Apple is planning updated iPad Pro models in both 11-inch and 13-inch sizes for spring 2027, and the chip inside could determine whether buyers get a meaningful AI upgrade or a more modest speed boost.
The new iPads will arrive without a redesign. Apple is keeping the existing form factor and concentrating on what happens under the hood. That puts the chip decision at the center of the story.
Apple is developing both M6 and M7 processors on its new 2-nanometer manufacturing process. The M6 is expected to land later this year inside a refreshed 14-inch MacBook Pro.
The M7, which carries additional AI-specific hardware that the M6 lacks, is targeting a first-half 2027 release.
If that timeline holds, the spring iPad Pro could carry the M7. If production runs behind schedule, Apple will use the M6 instead.
With no official confirmation on which processor will power the device, potential buyers face two very different performance outcomes.
The M7’s AI optimizations are designed to run more on-device processing locally, which affects how Apple Intelligence features perform without relying on cloud connections.
Apple engineers have been evaluating a vapor chamber cooling system for the iPad Pro line.
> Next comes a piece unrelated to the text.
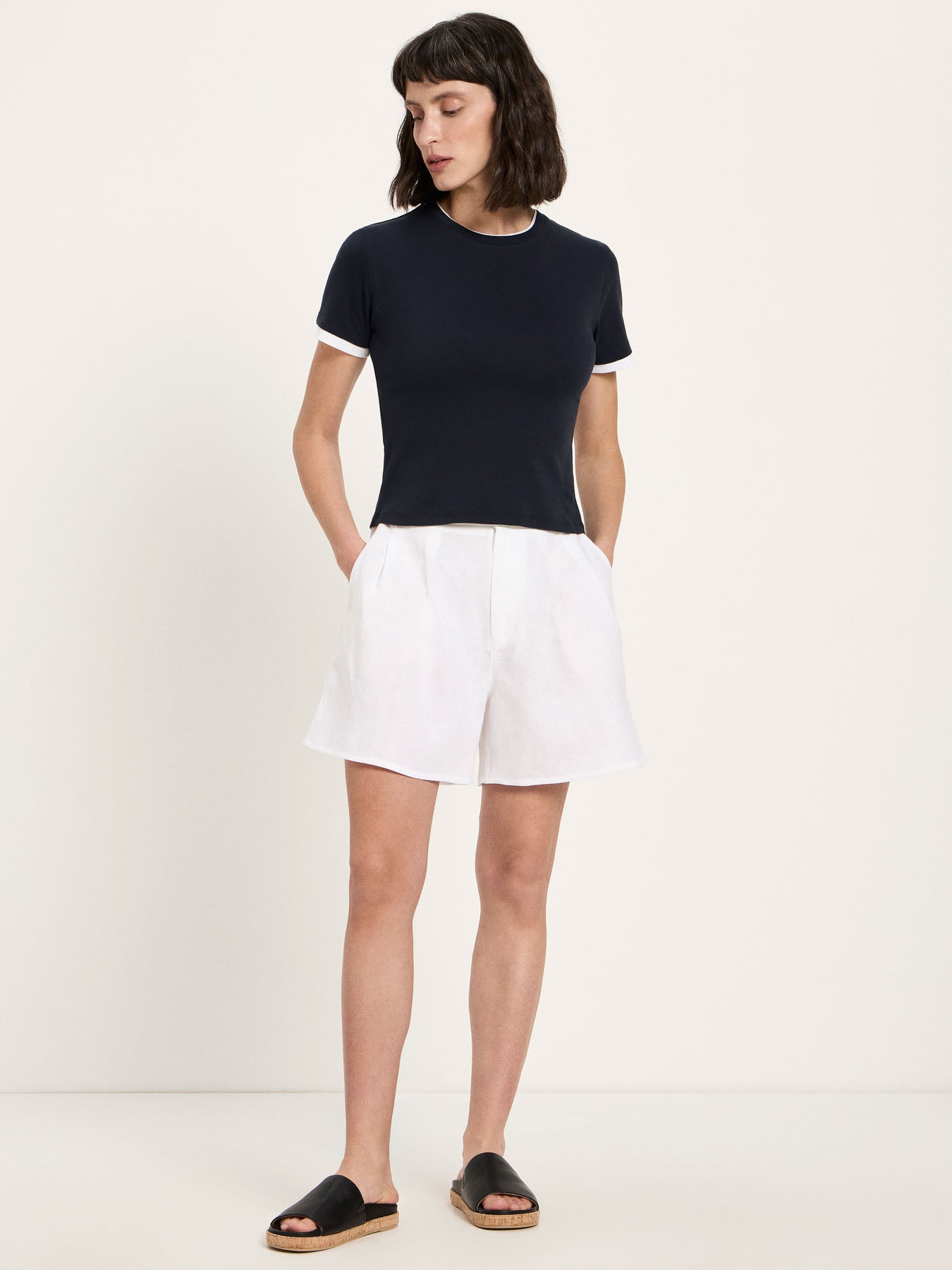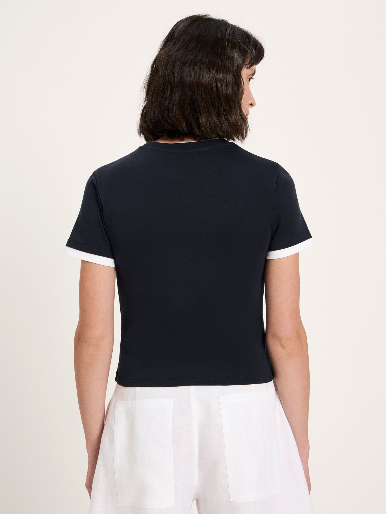 This shirt, made from high-quality organic cotton, impresses with its understated aesthetic and exceptional craftsmanship. The double-stitched edges on the sleeves and neckline add a subtle, sophisticated touch and give the classic design a modern twist. The pleasantly soft, breathable fabric ensures exceptional comfort, making this shirt a versatile everyday essential – perfect worn alone or as a base layer under a blazer, knitwear, or jacket.

Vapor chambers manage heat more efficiently than conventional methods, allowing chips to sustain higher performance over longer periods without throttling.
Whether this system makes it into the final product has not been confirmed, but its presence in testing suggests Apple is trying to close the gap between iPad Pro performance ceilings and what the chip can theoretically deliver.
For professionals who use iPad Pro for video editing, music production, or running AI-heavy apps, sustained performance under load matters more than peak benchmark numbers.
A device that maintains speed through a two-hour project is a different experience from one that slows down after twenty minutes.
Apple is expected to launch the iPhone 18, iPhone 18e, and a second-generation iPhone Air in the same spring 2027 window.
Releasing the iPad Pro alongside that group would give Apple a coordinated product push rather than a standalone tablet update.
It also means buyers comparing options across Apple’s lineup would be doing so at the same time, with the latest chips available across multiple devices simultaneously.
Anyone currently holding an M4 iPad Pro, which launched in 2025, would be looking at roughly two years between upgrades by the time the new model ships. Apple has historically refreshed the iPad Pro on cycles around that length.
The current M5 models, which saw a price increase last week alongside several other Apple products, are still on sale.